THE TASK: Below are records; the lines starting at the one with "Чтобы создать этот" and ending at the one with "Construite à la" must be reproduced exactly, both included. Pictures must not appear.

--- STORED DATA Enclosed Below ---

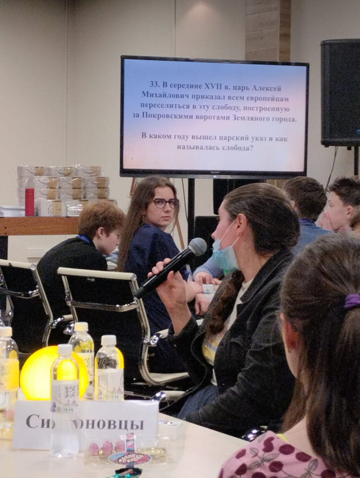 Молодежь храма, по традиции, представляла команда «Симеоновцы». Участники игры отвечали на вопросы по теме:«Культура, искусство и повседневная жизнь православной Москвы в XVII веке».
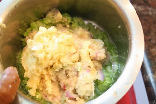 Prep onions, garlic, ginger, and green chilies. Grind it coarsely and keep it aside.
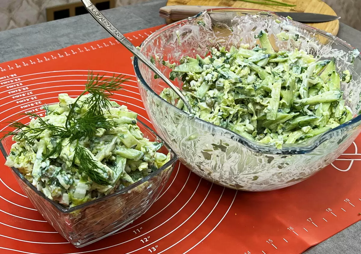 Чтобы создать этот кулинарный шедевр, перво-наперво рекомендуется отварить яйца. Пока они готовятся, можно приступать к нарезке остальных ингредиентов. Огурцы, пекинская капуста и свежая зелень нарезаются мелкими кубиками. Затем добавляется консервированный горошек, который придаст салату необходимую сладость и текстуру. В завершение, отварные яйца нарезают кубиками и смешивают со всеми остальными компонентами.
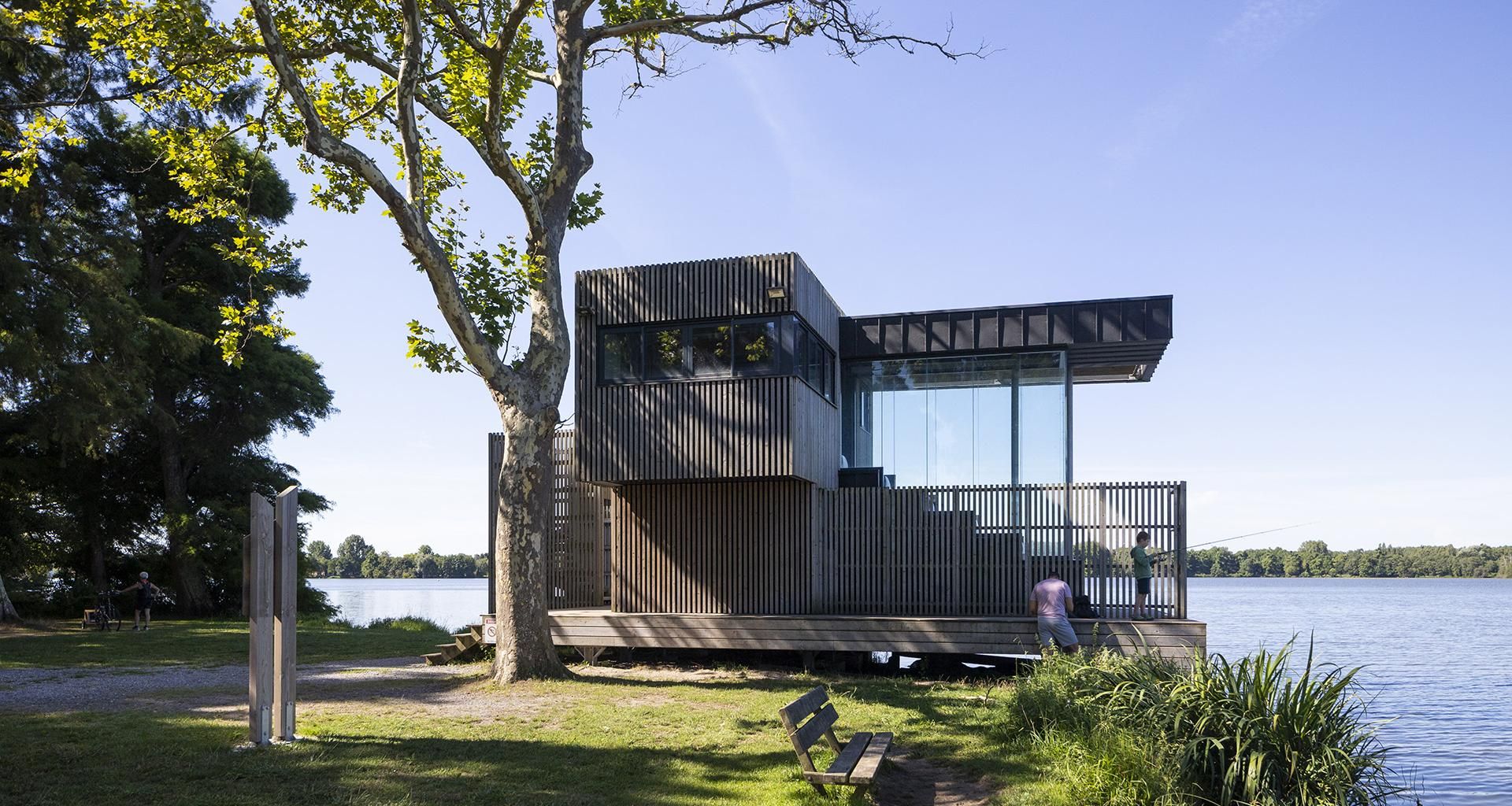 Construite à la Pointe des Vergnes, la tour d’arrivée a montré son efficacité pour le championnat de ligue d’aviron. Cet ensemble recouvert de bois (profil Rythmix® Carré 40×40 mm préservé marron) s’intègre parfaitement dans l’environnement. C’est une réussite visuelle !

--- End of Enclosed STORED DATA ---
--- STORED DATA Enclosed Below ---

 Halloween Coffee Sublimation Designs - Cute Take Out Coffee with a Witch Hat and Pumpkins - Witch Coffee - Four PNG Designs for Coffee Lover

--- End of Enclosed STORED DATA ---

OUTPUT FOR THIS TASK:
 Чтобы создать этот кулинарный шедевр, перво-наперво рекомендуется отварить яйца. Пока они готовятся, можно приступать к нарезке остальных ингредиентов. Огурцы, пекинская капуста и свежая зелень нарезаются мелкими кубиками. Затем добавляется консервированный горошек, который придаст салату необходимую сладость и текстуру. В завершение, отварные яйца нарезают кубиками и смешивают со всеми остальными компонентами.
 Construite à la Pointe des Vergnes, la tour d’arrivée a montré son efficacité pour le championnat de ligue d’aviron. Cet ensemble recouvert de bois (profil Rythmix® Carré 40×40 mm préservé marron) s’intègre parfaitement dans l’environnement. C’est une réussite visuelle !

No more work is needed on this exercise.